Paks reached out to touch the Duke’s shoulder.

“Get back, Paks—you’re no surgeon, and I don’t have time—”

“Let her.” Dorrin brought a lamp near, its light golden next to the white spell-light. “She alone saw Venner’s nature; she alone could free herself to fight him. Perhaps—” She looked at Paks, her own hand going to the tiny Falkian symbol at her throat. “Perhaps you learned more than we knew, is that so?”

Paks felt a pressure in her head, and could not answer. She only knew she had to touch the Duke—had to call what powers she could name. As she laid her hand on his shoulder, the spell-light dimmed except along that arm. She closed her eyes against it: she had no time to study what was happening.

Touching the Duke was like laying her hand on the skin of running water: she felt a faint resistance, a surface tension, and a strong sense of moving power underneath. Without realizing it, she brought her other hand to his other shoulder. She felt within herself the same moving power that she sensed in the Duke, although in her it ran swifter, lighter. She tried to bring the two powers together.

At first it seemed that the surface between them thickened, resisting. The Duke’s rhythm slowed and cooled, as if some moving liquid stiffened into stone. But her plea to the High Lord and Gird brought a vision of movement, of sinking through the surface as a hand sinks in water. She let herself drift deeper. In that thicker substance, that cooling stream, she loosed her own fiery essence, the flames that had danced deep within since the night of the Kuakgan’s magic fire.

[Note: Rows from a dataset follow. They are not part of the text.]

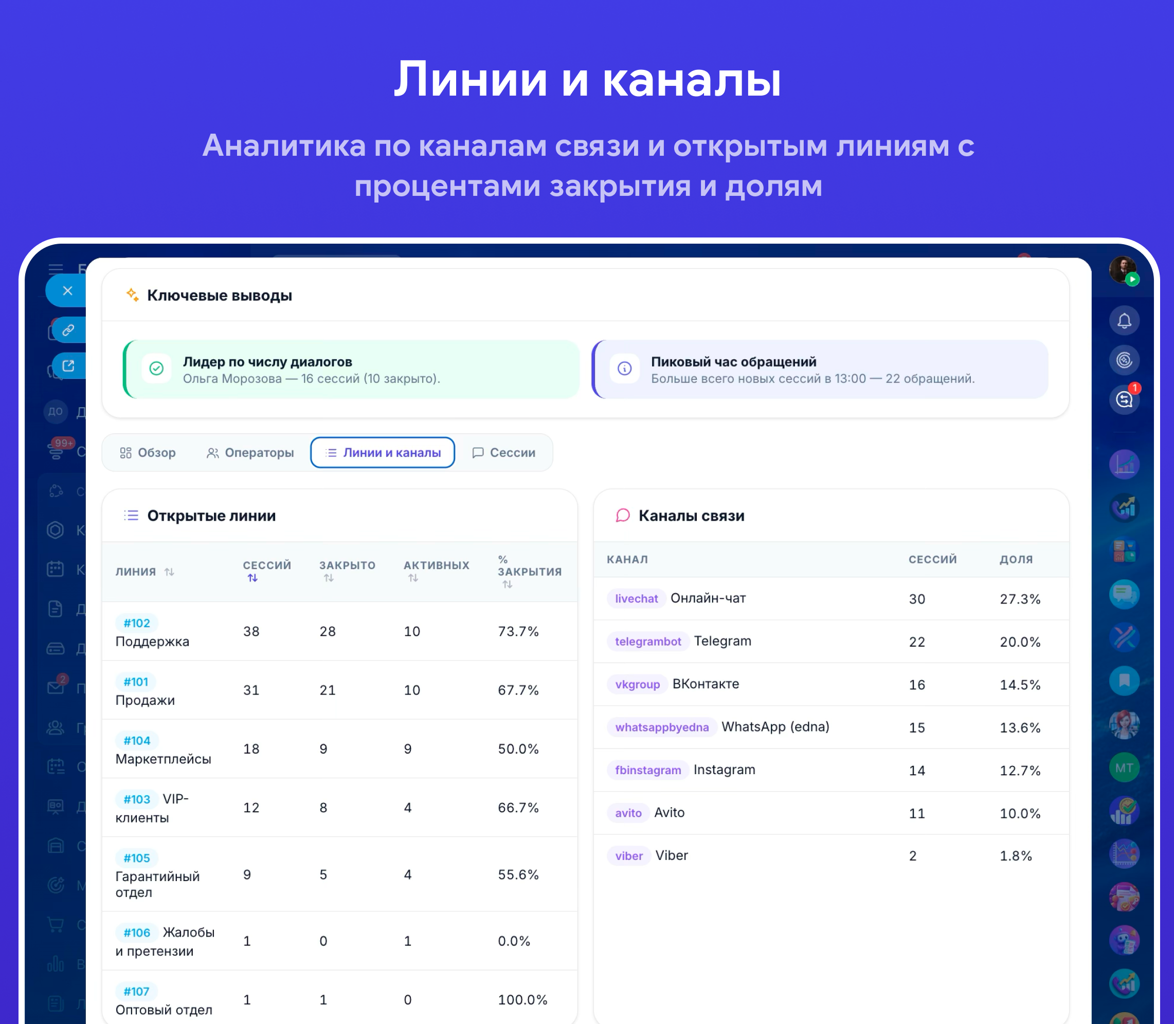• Сравнивает эффективность каналов (Онлайн-чат, Telegram, WhatsApp, Viber, Instagram, ВКонтакте и др.).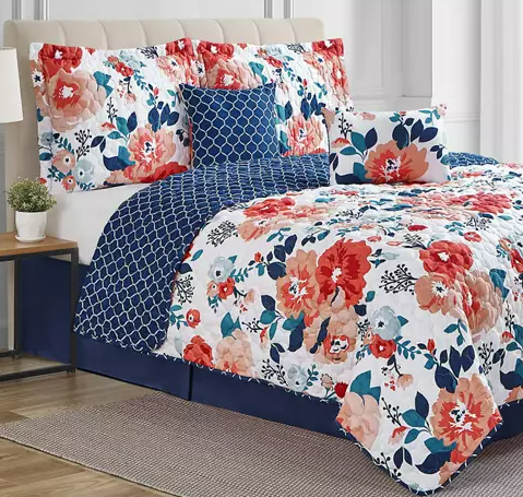 Includes 1 quilt, 2 shams, 1 bedskirt, 2 decorative pillows
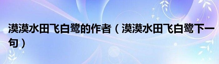 大家好,小君来为大家解答以上问题。漠漠水田飞白鹭的作者,漠漠水田飞白鹭下一句很多人还不知道,现在让我们一起来看看吧!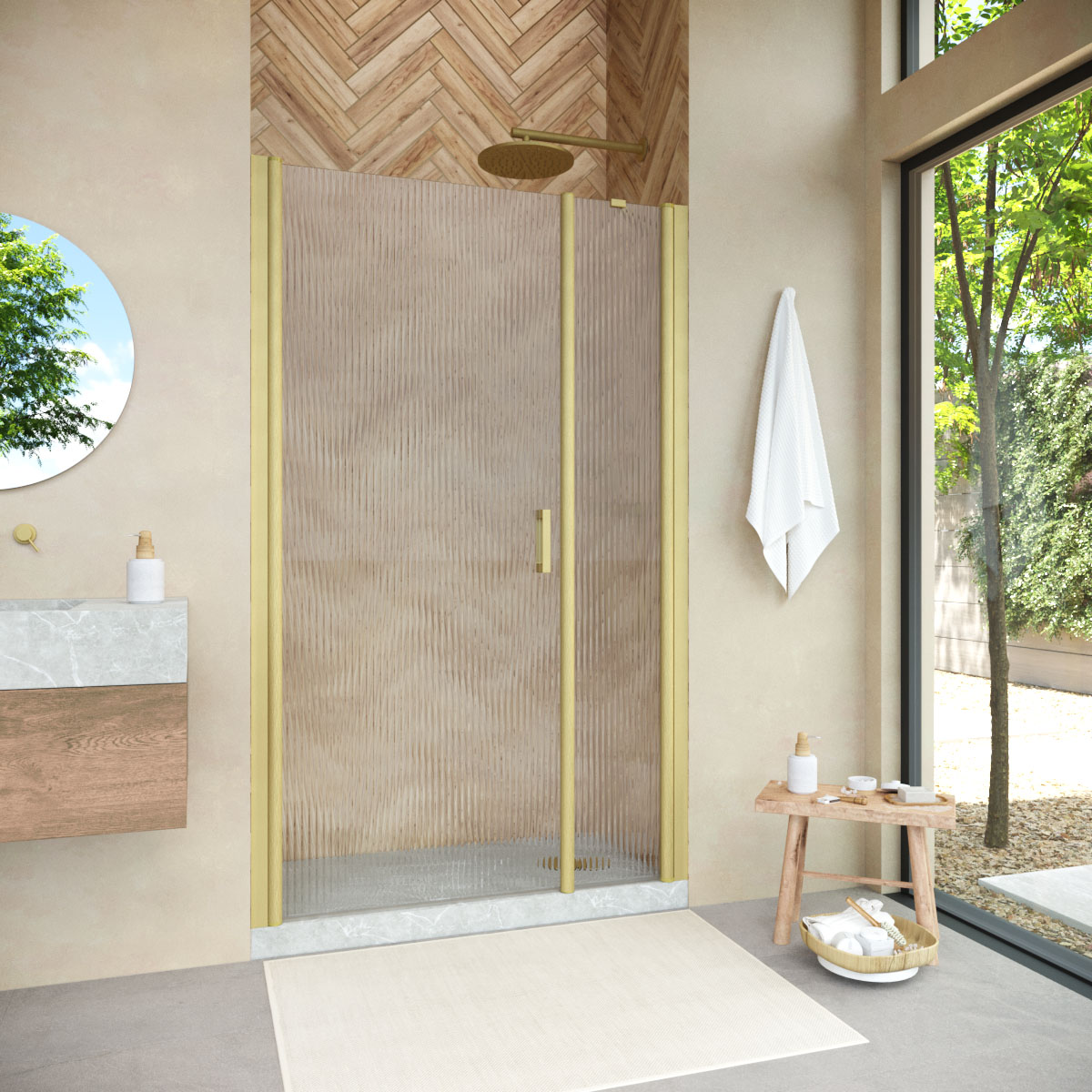 Душевая дверь Vegas-Glass EP-F-2 NOVO 120х200 см золото матовое/стекло разное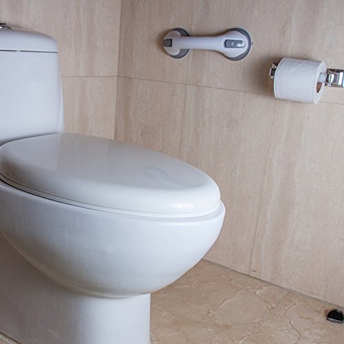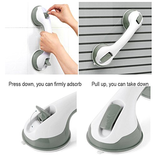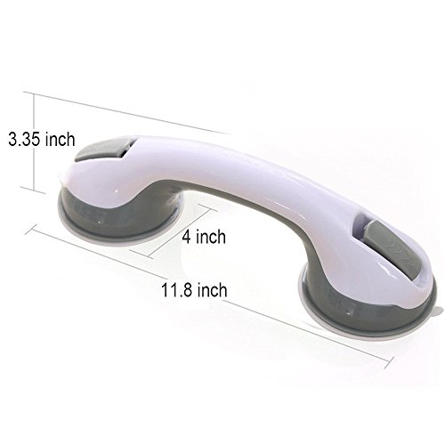 - BORN FOR BATHROOM: 11.8*4*3.35 inch, the super strong suction shower handle is designed to hold on the top of the tub with a flick switch. Sturdy and secure, even an adult can't pull the super suction down with his largest strenght. Perfect for bathroom using.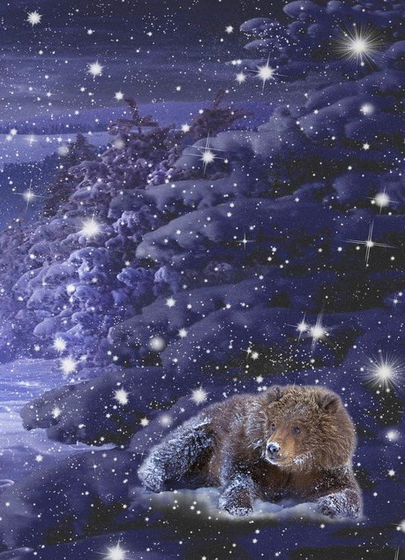 На полянке у костра уже хозяйничали его братья – Лис и Чек. Дао же немного задержался, готовя для друзей сюрприз. День у Дао выдался суетный, но всё, что он задумал, – получилось! И от этого его душа пела. Он раскинул лапы, как будто хотел обнять весь мир, и улыбался, наслаждаясь своими ощущениями. Огромный, мягкий, нежный клубок из снежинок упал ему на самый кончик носа. Дао аккуратно, боясь нарушить красоту, снял ажурный подарок, и он растаял на его тёплой лапе. «Воистину волшебная ночь», – подумал Дао. Лунный свет золотым ковром устилал его путь. Справа и слева вперемежку стояли сосёнки в пышных сарафанах и молоденькие ёлки в треугольных платьях. Едва покачивались раскидистые дубы в меховых шляпах. Берёзки в легких ажурных шалях шептались вокруг.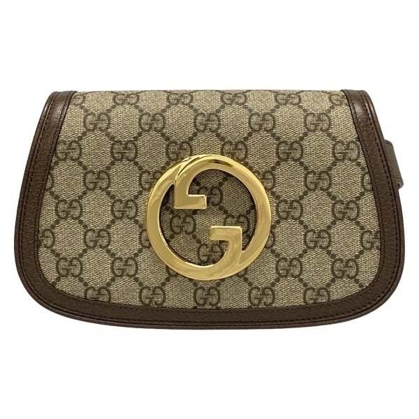 > グッチ GUCCI ウエストポーチ 703807 インターロッキングG/GGプラス・GGスプリーム レザー ダークブラウン×ベージュ 美品 バッグ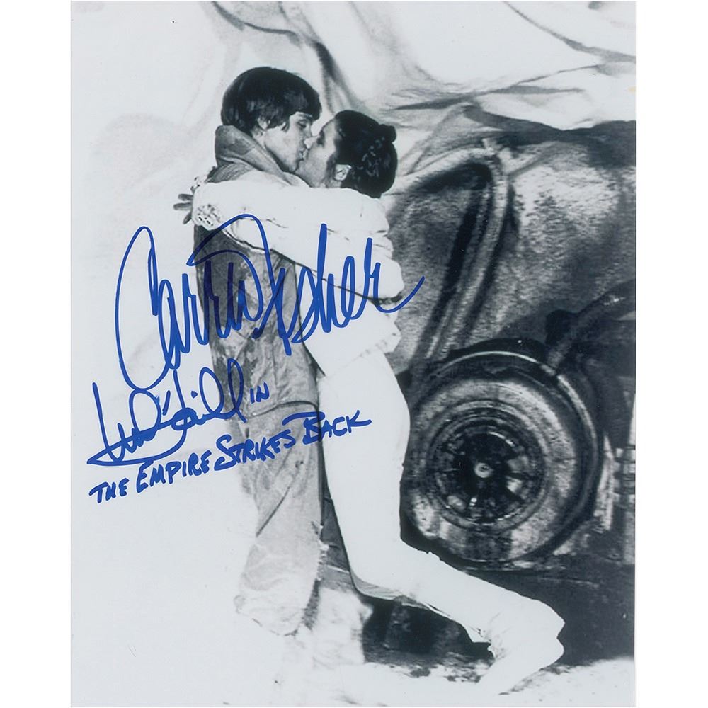 Satin-finish 8 x 10 photo of Luke Skywalker and Princess Leia kissing, signed in blue felt tip, "Carrie Fisher" and "Mark Hamill in The Empire Strikes Back." In fine condition.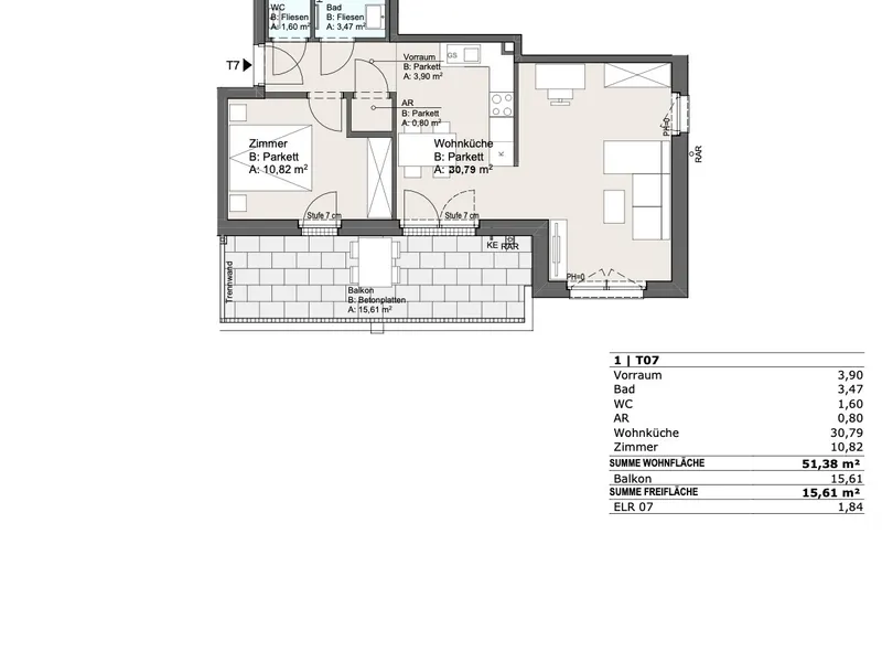 Top 07a | 2 Zimmer | ca. 51 m² + ca. 16 m² Balkon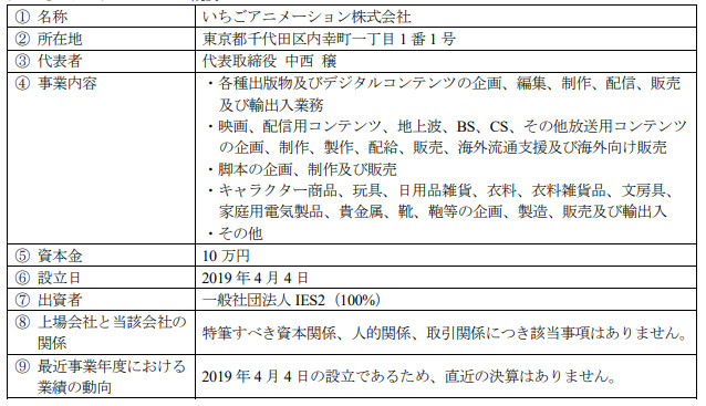 참고로, 또다른 기사에 올라온 '이치고 애니메이션'의 회사 개요에 따르면,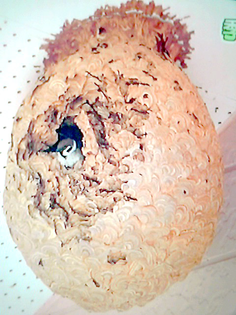 “スズメバチの巣に居ついたスズメ”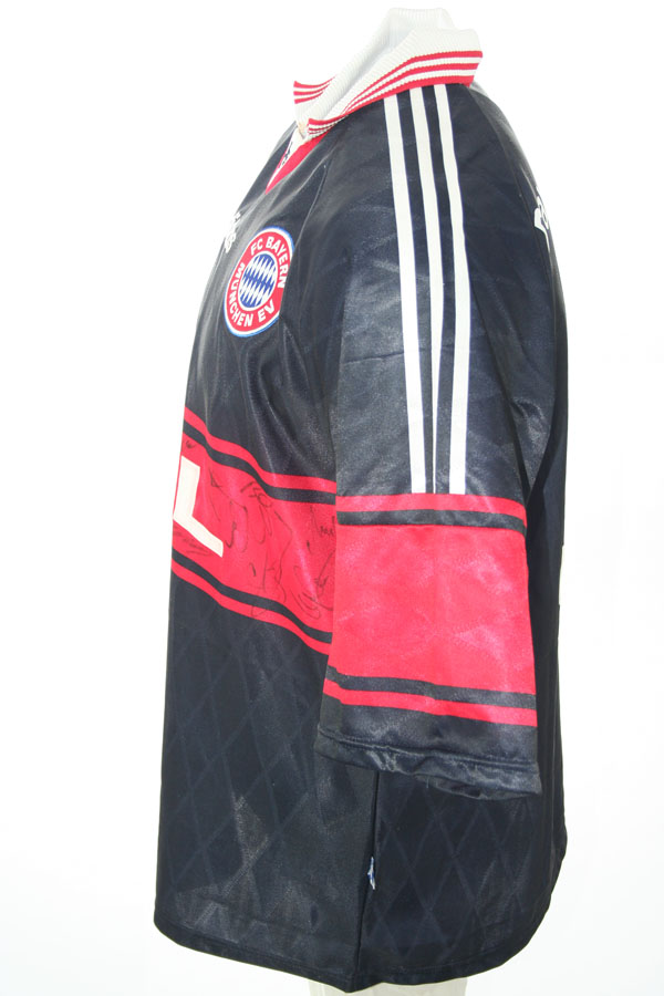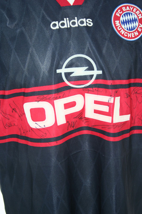 Originales Adidas FC Bayern München Trikot in der Grösse Herren XL mit dem Opel, Sponsor auf der Brust. + Original Bundesliga Logo auf der rechten Schulter, wie ein Fußball Trikot des FC Bayern München das in einem Spiel getragen wurde..Dazu ist das Trikot vom gesamten Kader signiert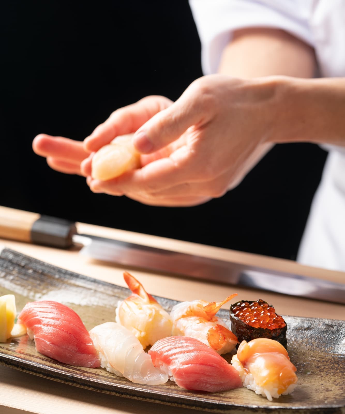 当店の寿司は、甘海老を始めとする季節の食材を使用しています。新鮮な食材を使用する事はもちろんですが、アットホームな店内でリラックスしながら食べて頂き、お客様の笑顔を見るのが私たちの目標です。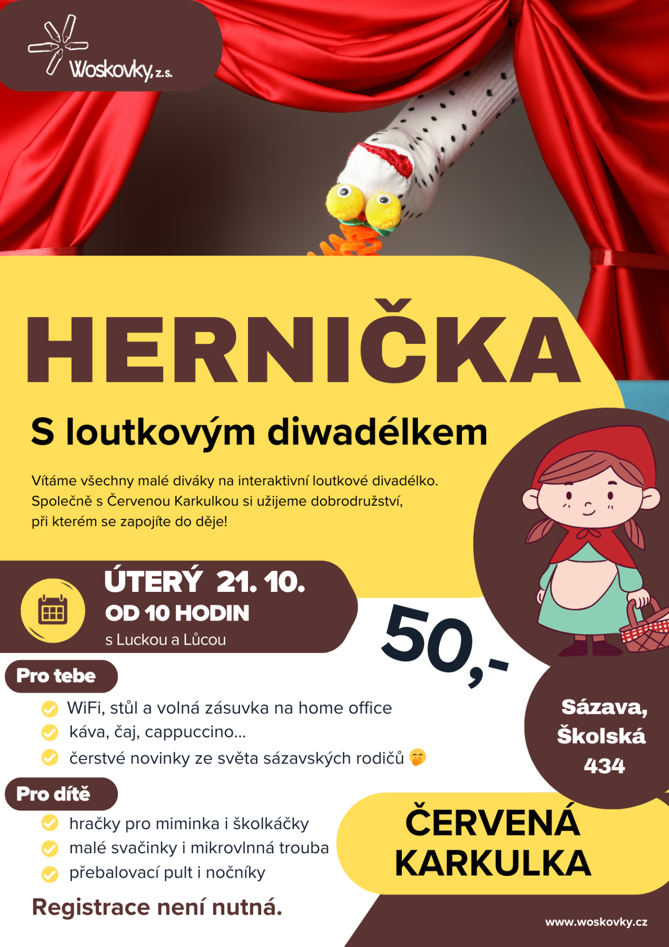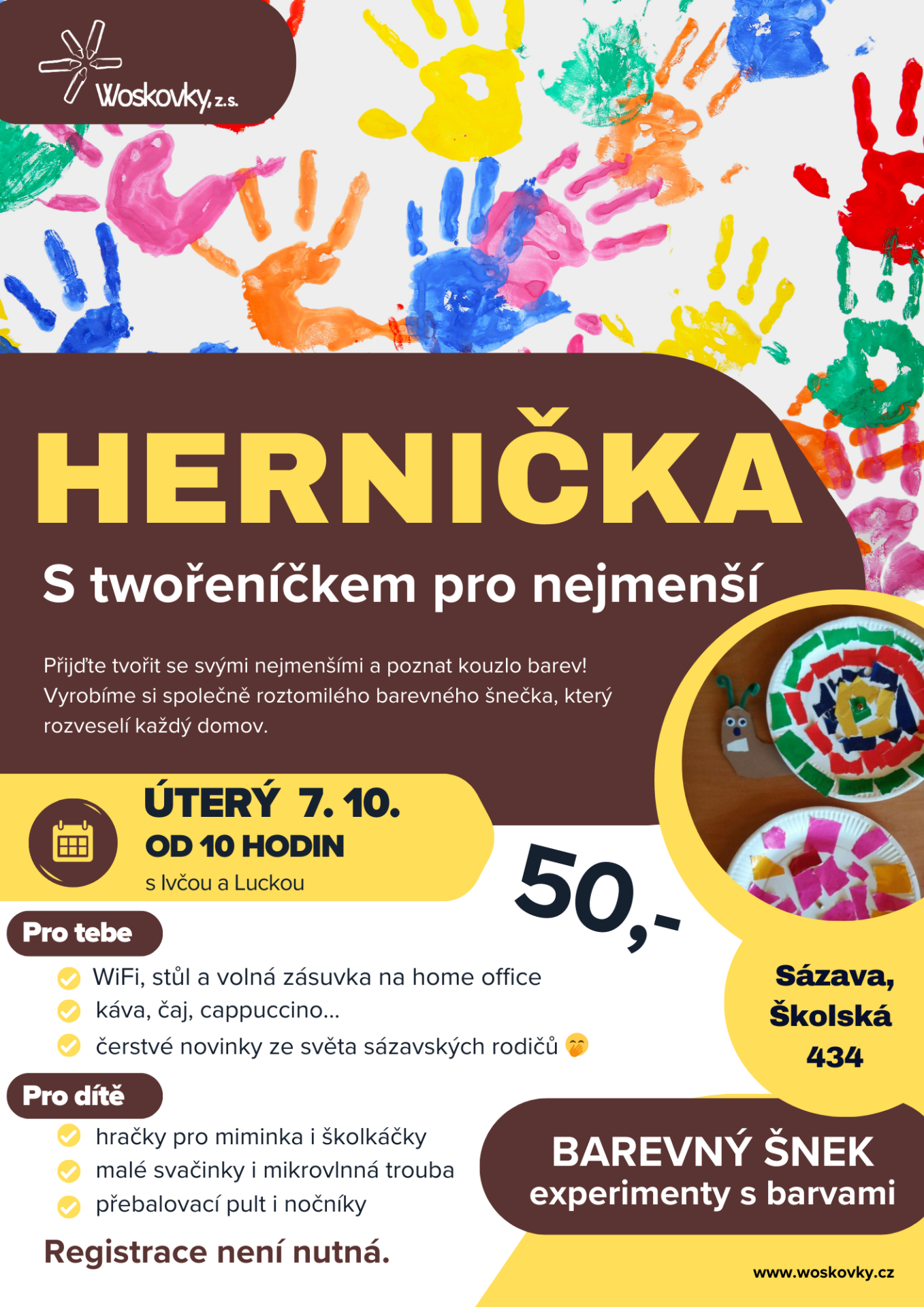 Rodičovský klub Woskovek je bezpečné a přátelské místo pro malé děti a jejich rodiče – prostor pro volnou hru, popovídání i navazování sousedských přátelství.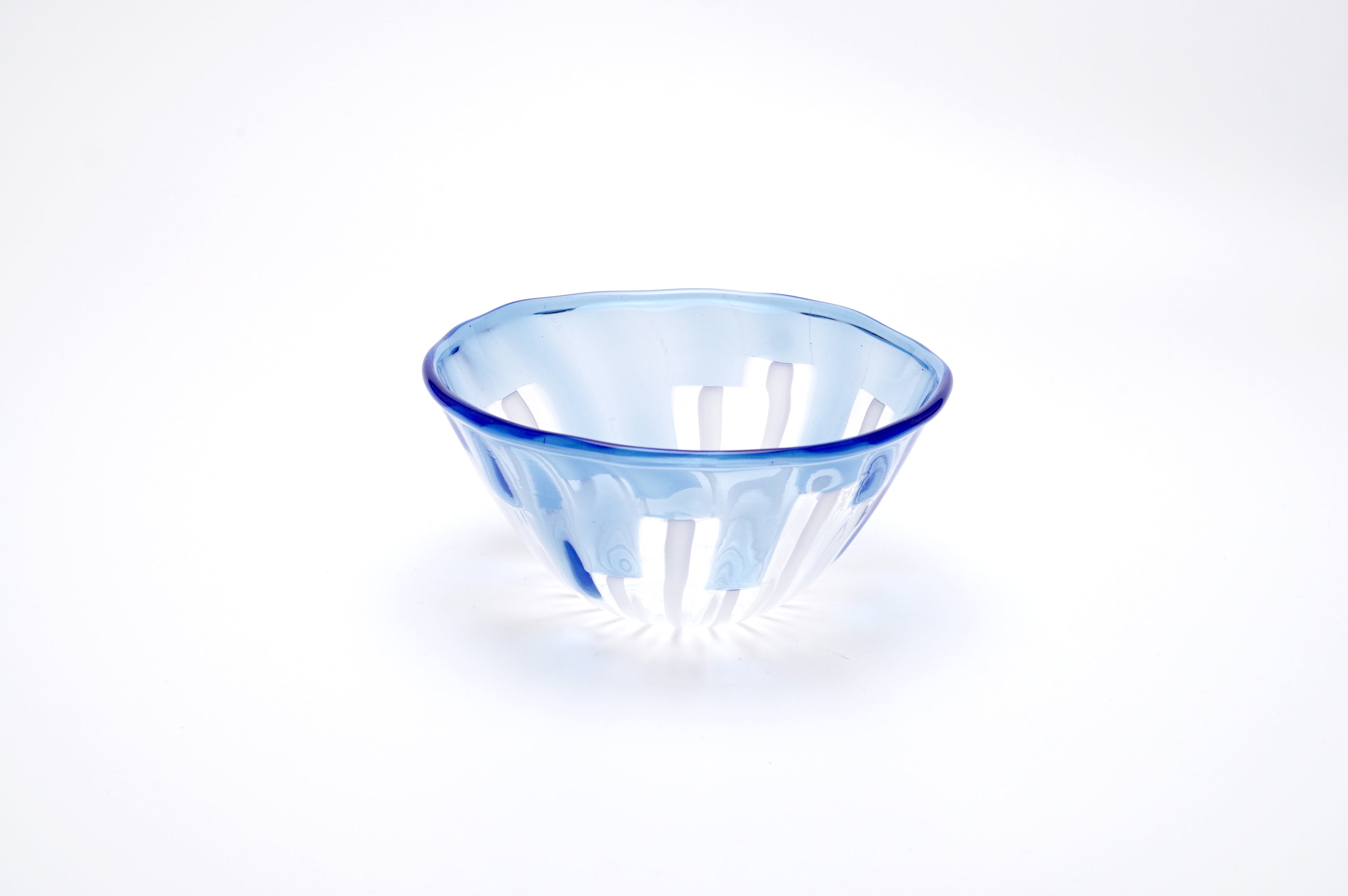 F&Mバラリン工房の作品は、鮮やかながら繊細な色遣いが最大の魅力です。手に取ると、想像よりも大変軽やかで、ガラスが熱を得てゆらゆらと、たゆたうさまをそのまま作品に残したようなフォルムも大変ムラーノガラスらしいと言えるでしょう。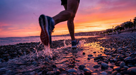 Close-up view of a runner's legs and feet splashing water while running along a wet, pebbled shoreline during twilight hours.

Slowly the Duke responded. Whatever the flow might be, it flowed more swiftly—it moved lightly on its way, with returning joy. Paks followed the flow, to find a source of stagnation—some evil essence. She felt herself touch it, and it dissolved, running away, overtaken by her flame, and then gone. With that, the Duke’s body swung back to its own balance. She felt the restored health, and the rejection, at the same instant, and pulled herself back into her own body just ahead of it.

His eyes were open. Blank for a moment, then fully aware: startled and intent all at once. Paks stepped back, shaken by her gift. Simmitt stared at her. They all did. The room’s light was golden from lamps; her spell-light had disappeared.

“What—?” The Duke had his head up now, raking the room with his glance. His hand lay over his ribs, where the dagger had gone in.

“My lord, it was Venner—”

“This so-called lady—”

“Paks was the only one who could—”

“Quiet.” Arcolin’s voice cut through them, and brought order. “Cracolnya, Valichi—guard her: nothing else. My lord Duke, it seems your steward was a traitor of some sort. Paks has killed him. The rest of us were somehow spellbound, unable to move, though we heard enough. Kessim is dead. And that—” he paused and glared at Arvys.

“She stabbed me,” said the Duke calmly. “I remember that. Some kind of argument, and then darkness, and then I felt a blade in my side.” He sat up on the edge of the table, and looked down at the blood that streaked his skin and clothes. “Heh. No mark now. Who had the healing potion so handy?” He looked at Visanior and Simmitt.